**Provided data:**
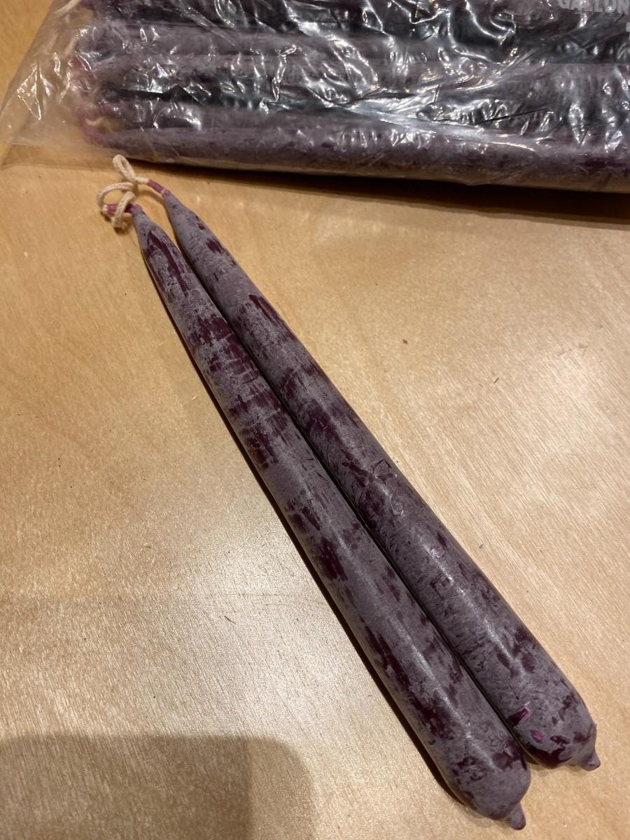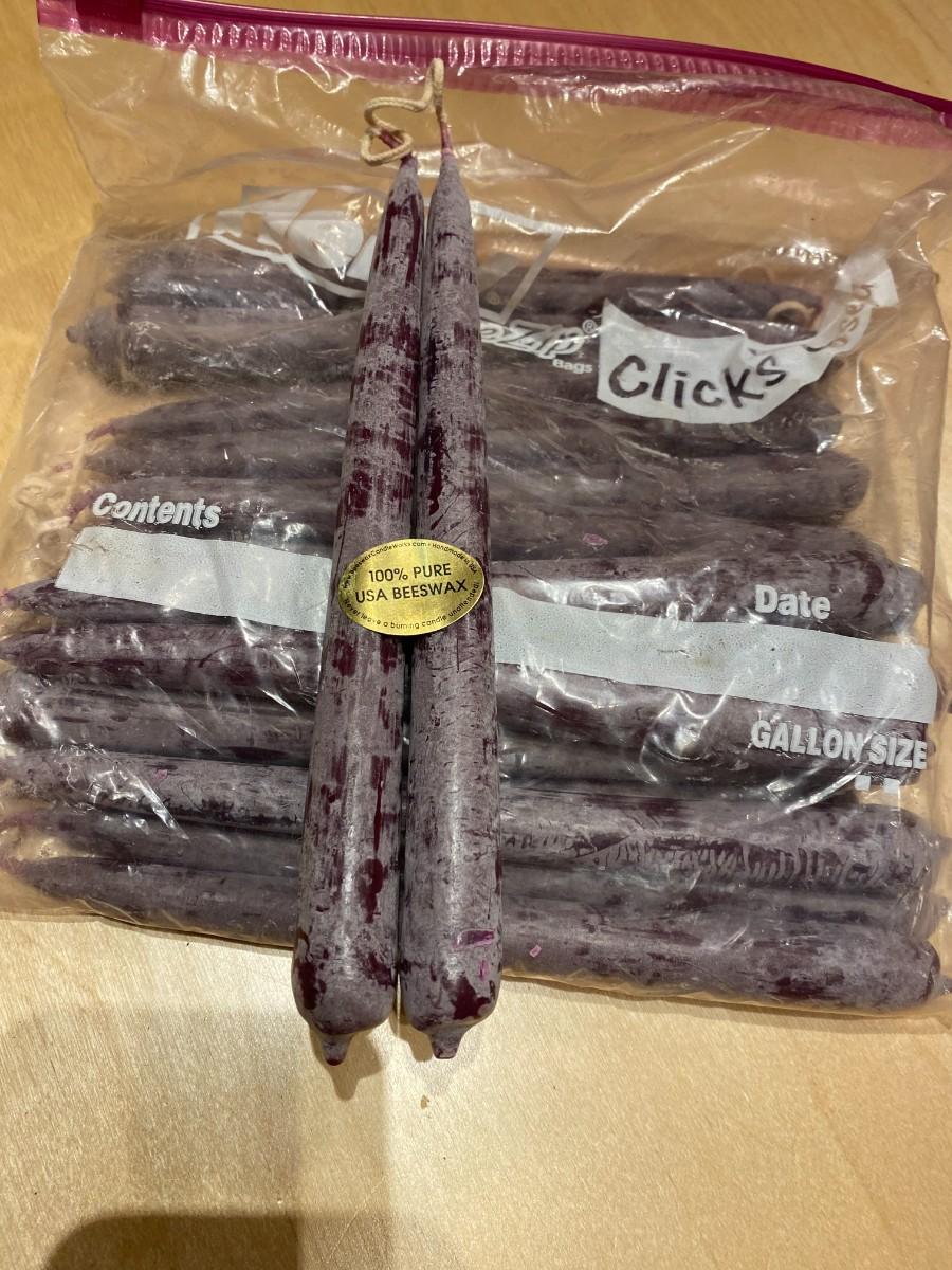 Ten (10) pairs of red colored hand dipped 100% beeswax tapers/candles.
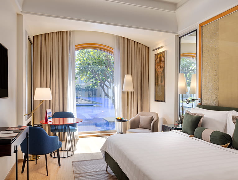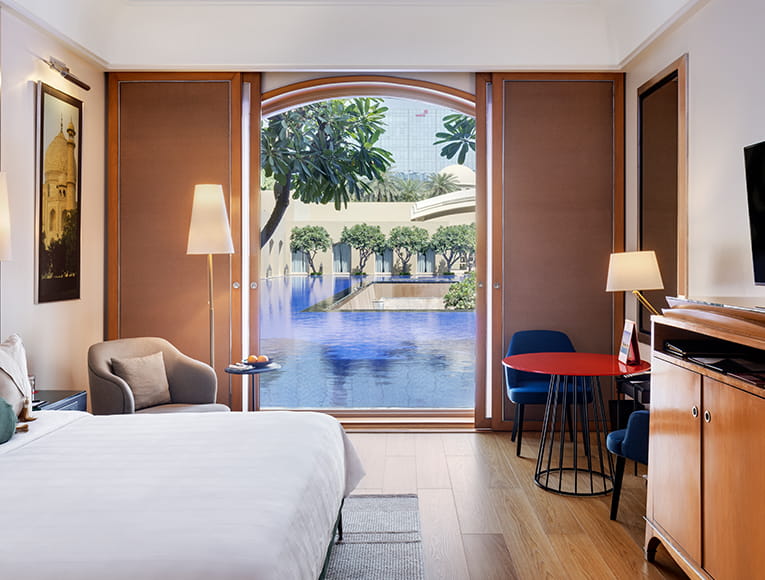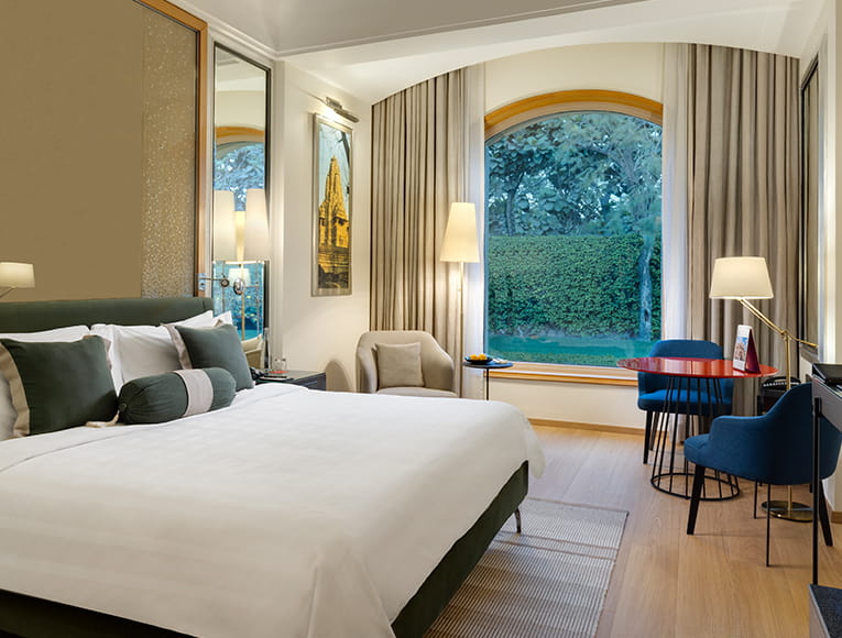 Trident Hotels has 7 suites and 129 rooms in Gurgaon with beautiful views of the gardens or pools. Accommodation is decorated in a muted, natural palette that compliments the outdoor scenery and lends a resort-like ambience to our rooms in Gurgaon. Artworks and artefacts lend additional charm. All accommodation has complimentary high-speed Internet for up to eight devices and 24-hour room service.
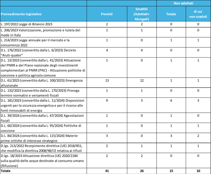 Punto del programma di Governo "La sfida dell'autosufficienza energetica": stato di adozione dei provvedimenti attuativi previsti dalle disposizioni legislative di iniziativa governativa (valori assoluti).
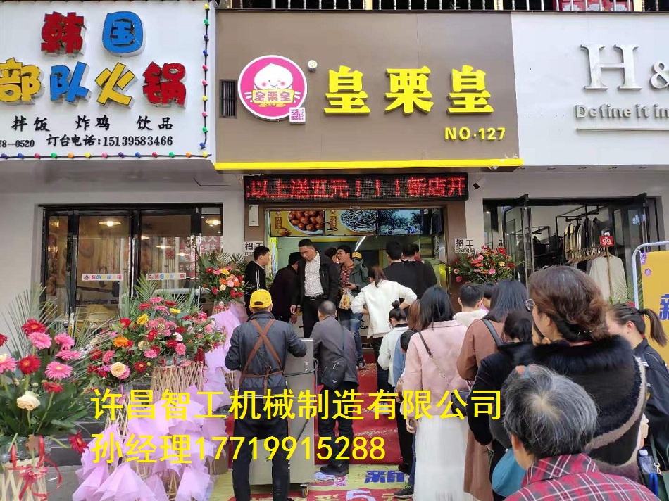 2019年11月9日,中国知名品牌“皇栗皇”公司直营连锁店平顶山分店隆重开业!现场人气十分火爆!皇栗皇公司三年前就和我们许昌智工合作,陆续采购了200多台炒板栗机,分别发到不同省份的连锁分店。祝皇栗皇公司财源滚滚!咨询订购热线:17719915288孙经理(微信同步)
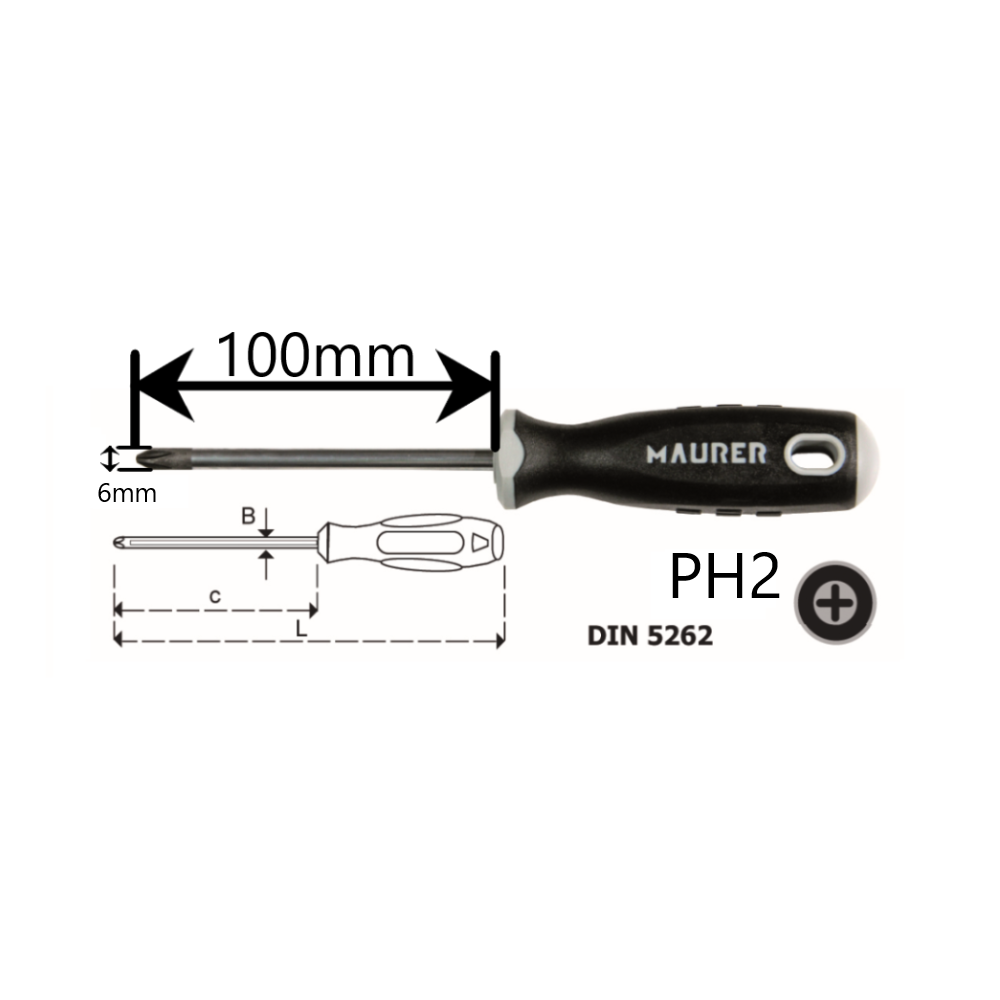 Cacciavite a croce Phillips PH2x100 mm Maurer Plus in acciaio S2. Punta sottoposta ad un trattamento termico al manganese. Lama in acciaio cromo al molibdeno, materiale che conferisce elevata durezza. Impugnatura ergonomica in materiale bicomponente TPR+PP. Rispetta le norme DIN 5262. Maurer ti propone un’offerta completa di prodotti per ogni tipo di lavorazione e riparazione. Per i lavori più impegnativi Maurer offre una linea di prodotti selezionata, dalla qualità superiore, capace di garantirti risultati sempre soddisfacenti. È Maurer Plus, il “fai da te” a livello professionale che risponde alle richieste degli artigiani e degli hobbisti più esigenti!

---

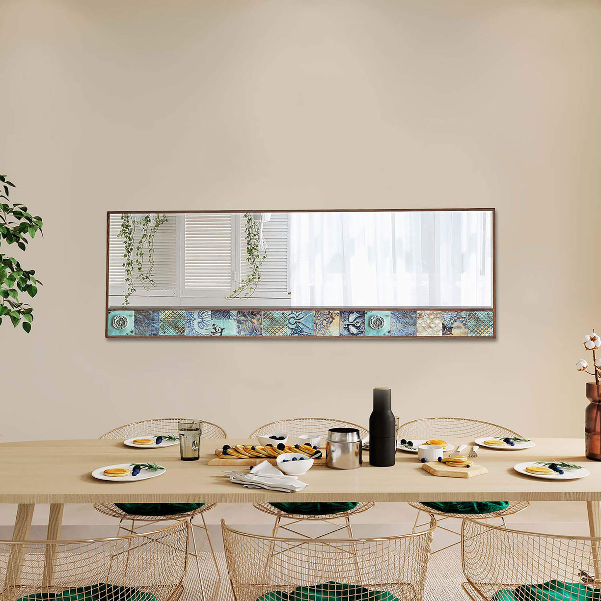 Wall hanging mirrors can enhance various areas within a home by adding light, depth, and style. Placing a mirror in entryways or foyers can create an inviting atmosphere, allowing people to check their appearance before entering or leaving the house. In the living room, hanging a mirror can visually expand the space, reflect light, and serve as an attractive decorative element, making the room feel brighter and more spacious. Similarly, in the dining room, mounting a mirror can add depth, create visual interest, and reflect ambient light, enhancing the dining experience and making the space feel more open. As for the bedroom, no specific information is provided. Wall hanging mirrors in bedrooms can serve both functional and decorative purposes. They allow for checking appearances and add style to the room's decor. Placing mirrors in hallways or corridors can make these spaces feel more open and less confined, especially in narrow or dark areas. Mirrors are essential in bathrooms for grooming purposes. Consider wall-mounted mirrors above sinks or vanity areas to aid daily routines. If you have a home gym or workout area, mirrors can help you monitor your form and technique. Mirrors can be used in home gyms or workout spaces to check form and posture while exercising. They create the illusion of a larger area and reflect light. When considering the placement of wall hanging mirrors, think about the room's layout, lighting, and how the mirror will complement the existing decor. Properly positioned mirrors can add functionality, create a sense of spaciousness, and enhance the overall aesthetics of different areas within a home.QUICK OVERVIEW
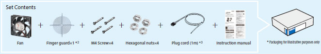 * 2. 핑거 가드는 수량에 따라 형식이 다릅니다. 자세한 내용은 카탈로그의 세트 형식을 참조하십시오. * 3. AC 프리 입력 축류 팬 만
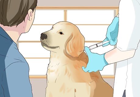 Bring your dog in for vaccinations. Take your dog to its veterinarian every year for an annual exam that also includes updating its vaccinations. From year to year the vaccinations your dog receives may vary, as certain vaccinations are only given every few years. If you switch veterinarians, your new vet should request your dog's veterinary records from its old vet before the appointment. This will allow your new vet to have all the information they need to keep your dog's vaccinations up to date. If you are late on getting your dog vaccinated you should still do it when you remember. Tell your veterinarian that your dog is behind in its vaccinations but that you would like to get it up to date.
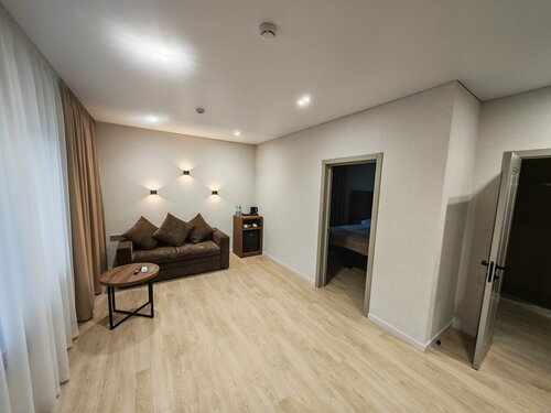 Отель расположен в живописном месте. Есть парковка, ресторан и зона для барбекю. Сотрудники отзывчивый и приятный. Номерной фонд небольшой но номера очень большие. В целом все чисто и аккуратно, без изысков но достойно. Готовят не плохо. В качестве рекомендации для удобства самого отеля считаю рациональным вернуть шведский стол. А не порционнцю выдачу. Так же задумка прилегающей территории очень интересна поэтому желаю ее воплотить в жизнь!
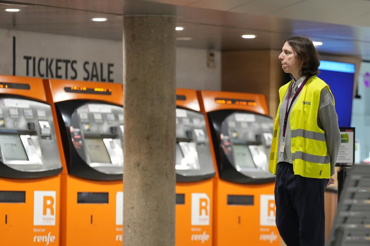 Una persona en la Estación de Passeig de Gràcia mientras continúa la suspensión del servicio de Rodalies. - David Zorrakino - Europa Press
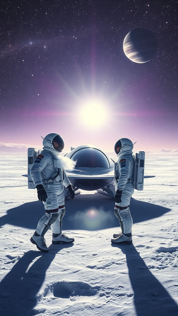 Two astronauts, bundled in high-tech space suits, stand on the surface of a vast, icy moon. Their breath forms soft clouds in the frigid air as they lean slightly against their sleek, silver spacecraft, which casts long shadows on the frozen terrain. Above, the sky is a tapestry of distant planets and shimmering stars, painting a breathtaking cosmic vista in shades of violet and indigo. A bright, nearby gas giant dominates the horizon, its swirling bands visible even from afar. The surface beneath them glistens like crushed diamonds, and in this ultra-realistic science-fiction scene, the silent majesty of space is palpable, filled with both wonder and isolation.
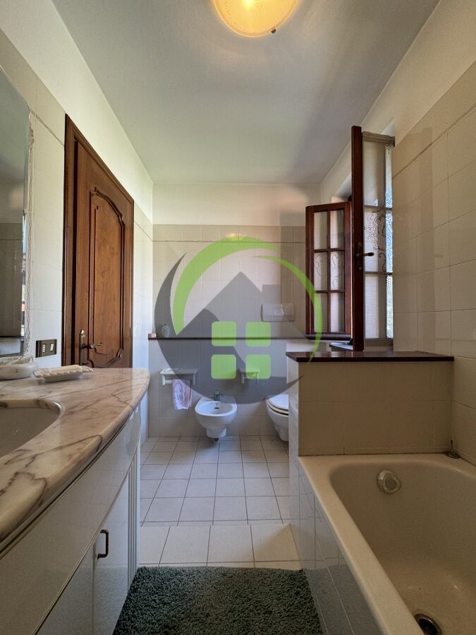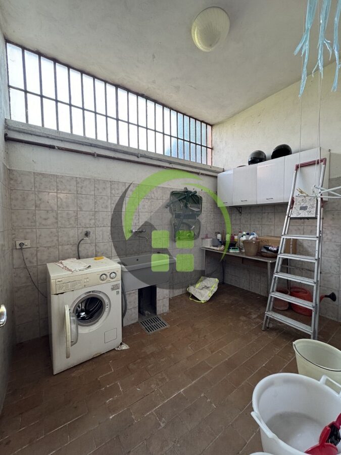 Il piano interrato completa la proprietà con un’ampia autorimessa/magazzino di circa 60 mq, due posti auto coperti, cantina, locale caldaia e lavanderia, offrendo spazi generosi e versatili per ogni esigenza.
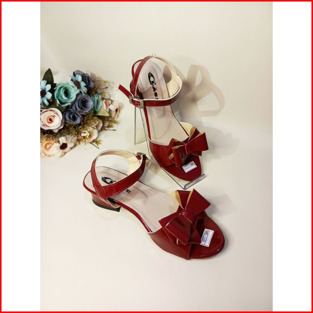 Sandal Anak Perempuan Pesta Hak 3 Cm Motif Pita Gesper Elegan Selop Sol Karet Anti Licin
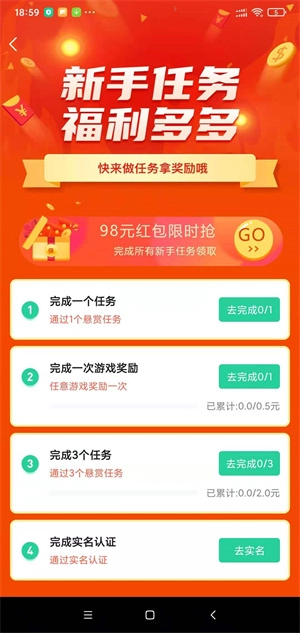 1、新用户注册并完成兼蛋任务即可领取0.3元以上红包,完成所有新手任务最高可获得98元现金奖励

* * *

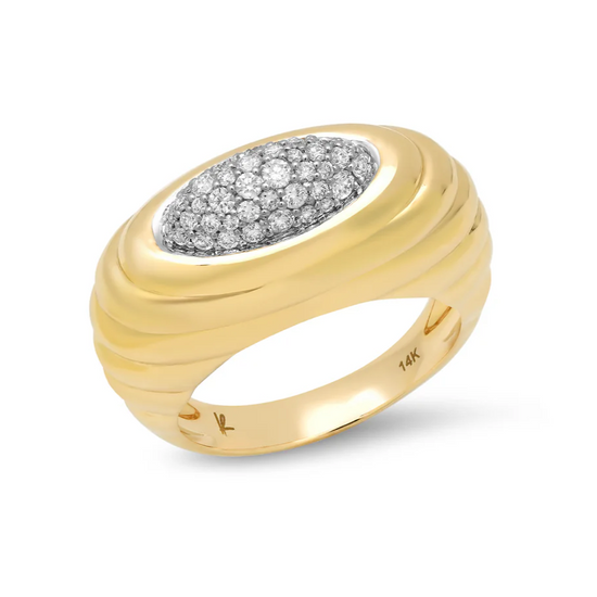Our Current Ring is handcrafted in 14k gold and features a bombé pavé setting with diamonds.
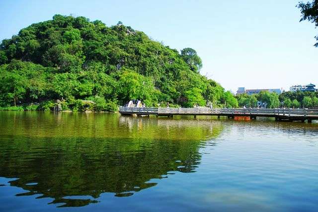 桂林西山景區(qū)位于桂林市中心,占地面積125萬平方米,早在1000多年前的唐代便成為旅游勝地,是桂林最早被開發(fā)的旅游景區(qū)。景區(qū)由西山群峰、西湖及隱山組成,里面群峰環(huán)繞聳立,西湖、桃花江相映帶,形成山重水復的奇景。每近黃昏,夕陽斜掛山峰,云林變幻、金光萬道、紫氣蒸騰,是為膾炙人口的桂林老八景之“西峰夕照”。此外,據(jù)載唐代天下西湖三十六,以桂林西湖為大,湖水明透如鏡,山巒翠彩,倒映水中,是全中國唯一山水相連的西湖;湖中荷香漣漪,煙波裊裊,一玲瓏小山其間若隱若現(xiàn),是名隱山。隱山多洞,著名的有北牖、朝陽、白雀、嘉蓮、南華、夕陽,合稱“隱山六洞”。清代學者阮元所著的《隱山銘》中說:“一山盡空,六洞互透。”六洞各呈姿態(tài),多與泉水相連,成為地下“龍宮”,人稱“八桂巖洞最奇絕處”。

**Task:** Range to copy from the listing above: the line containing "Il piano interrato" down to the line containing "1、新用户注册并完成兼蛋任务", both included. Reproduce it exactly, minus the pictures, and add nothing.

**Exercise answer:**
 Il piano interrato completa la proprietà con un’ampia autorimessa/magazzino di circa 60 mq, due posti auto coperti, cantina, locale caldaia e lavanderia, offrendo spazi generosi e versatili per ogni esigenza.
 Sandal Anak Perempuan Pesta Hak 3 Cm Motif Pita Gesper Elegan Selop Sol Karet Anti Licin
 1、新用户注册并完成兼蛋任务即可领取0.3元以上红包,完成所有新手任务最高可获得98元现金奖励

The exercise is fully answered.